Let’s briefly look at the election day results and see where taxpayers stand as the dust settles.
One of the high points of the night was the TFR-endorsed candidate for the open seat in House District 2, Brent Money, taking first place in a crowded, six-person race.
Brent Money far outperformed his opponents, receiving almost 32 percent of the vote, with second-place finisher Jill Dutton receiving roughly 25 percent of the vote.
Money and Dutton will face each other in a runoff election that Governor Greg Abbott will set.

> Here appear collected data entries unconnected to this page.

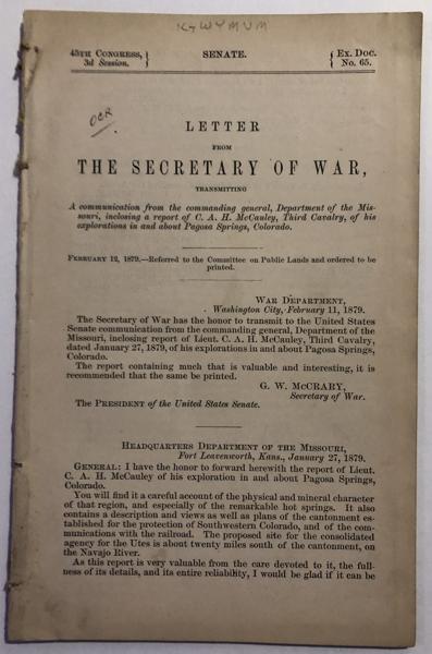 First Edition. Disbound. 27pp. 45th Congress, 3rd Session. Senate. Ex. Doc. No.65. Folding Map: Topographical Sketch of Pagosa Springs, Colorado, Showing Location of Camp Lewis, The New Cantonment, Hot and Cold Springs, &c, &c. A very interesting and detailed report of the Pagosa Springs area...it's history and attributes as a military station. Fine copy.
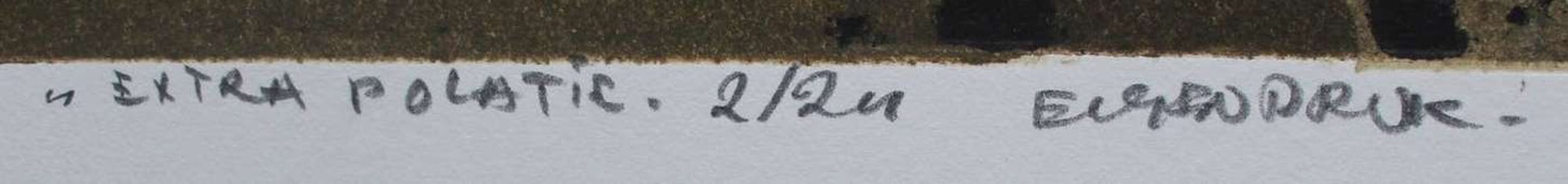 Karakteristiek werk van Fon Klement op zeer dik geschept papier. Titel: extra polatic. Jaar: 1971. Nummer: 2/24. Afmetingen blad incl passepartout: H79 x b61cm. Afmetingen voorstelling: H50 x b50cm. Met potlood gesigneerd en getiteld. De authenticiteit van het aangeboden werk wordt volledig gegarandeerd. Een certificaat van echtheid kan, op aanvraag, worden gemaild.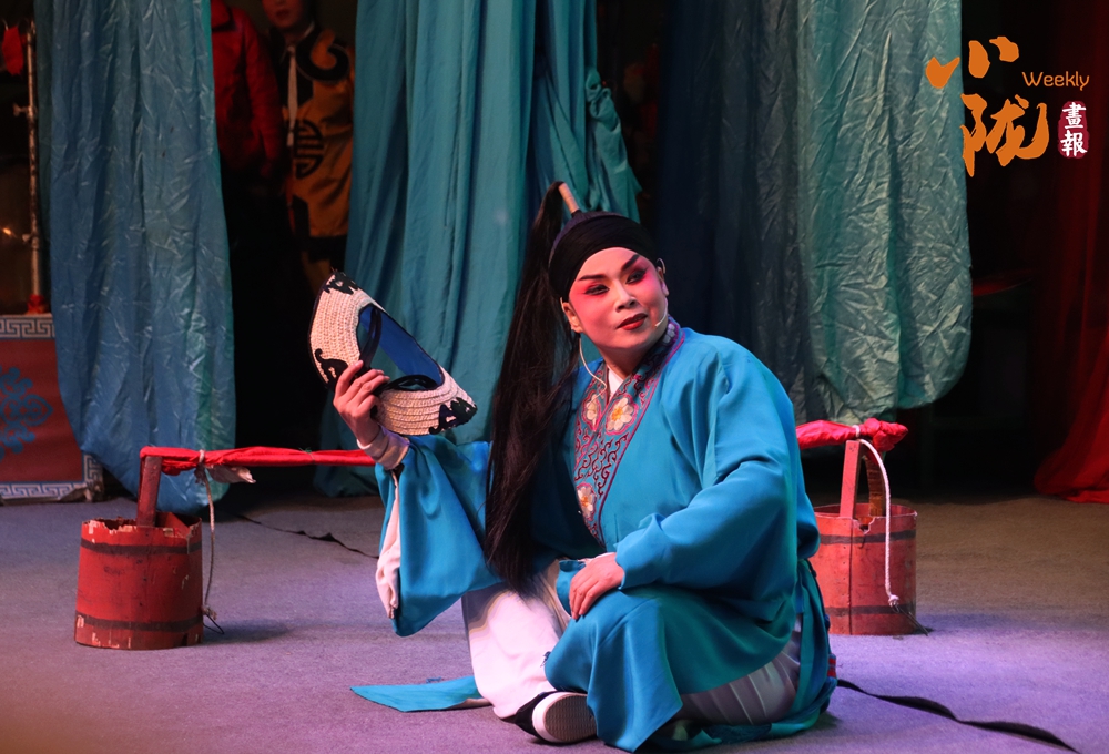舞臺(tái)的藍(lán)幕前,一位演員正以跪坐的姿態(tài)投入表演,身著繡著精致紋樣的青藍(lán)色戲服,手持折扇,眉眼間滿是戲韻。臺(tái)側(cè)的紅色水桶、幕后的隱約人影,讓這充滿程式化的舞臺(tái)瞬間多了幾分鄉(xiāng)土演出的真實(shí)感。

Statewide voters also approved Proposition 4, the amendment implementing the property tax relief package passed by the Legislature earlier this year during the second-called special session. While there were unfortunate claims from many politicians that this was the largest property new tax relief ever at $18 billion, that claim turned out to be false. The largest new relief was in 2008 at roughly $14 billion. Proposition 4 only provided $12.7 billion, as is detailed in the legislation’s fiscal note, making it the second largest in history, missing expectations and falling far short of promises.
Proposition 4 should provide some temporary relief for some taxpayers, but many will see their relief evaporate over the next couple of years as local budgets and appraisals continue to rise.
Also, one of the constitutional amendment propositions that was opposed by TFR, Proposition 13, which would have raised the mandatory retirement age for Judges and Justices in Texas, was shot down by Texas voters, with nearly 63 percent voting against the measure.
The bad news for taxpayers is that many propositions that will either raise taxes or will misuse billions of dollars of taxpayer money thereby, continuing to grow government, were passed as well.
Propositions 2 and 10, passed yesterday. Both will provide property tax exemptions to certain types of businesses and will raise the property burden on homeowners and other businesses that don’t receive such exemptions.
Billions of dollars in new spending, such as $1.5 billion in corporate welfare for broadband companies and $1 billion for state parks, were also passed; money that could have and should have been used for property tax relief.
An ugly and often overlooked issue that garnered far less attention than the constitutional amendments and some local races, were the billions of dollars worth of local government and ISD bonds that were passed around the state.
These bonds range from bonds for park improvements to new athletic facilities for schools.
These Bonds, a type of debt that must be paid off with property taxes, will inevitably raise the property tax burden on Texans, adding to the crushing tax burden of homeowners and small businesses alike.
Overall, despite a few wins at the ballot box, it was not a very good night for Texas taxpayers, most of whom will continue to suffer under the ever-growing and ever-burdensome might of taxes and government.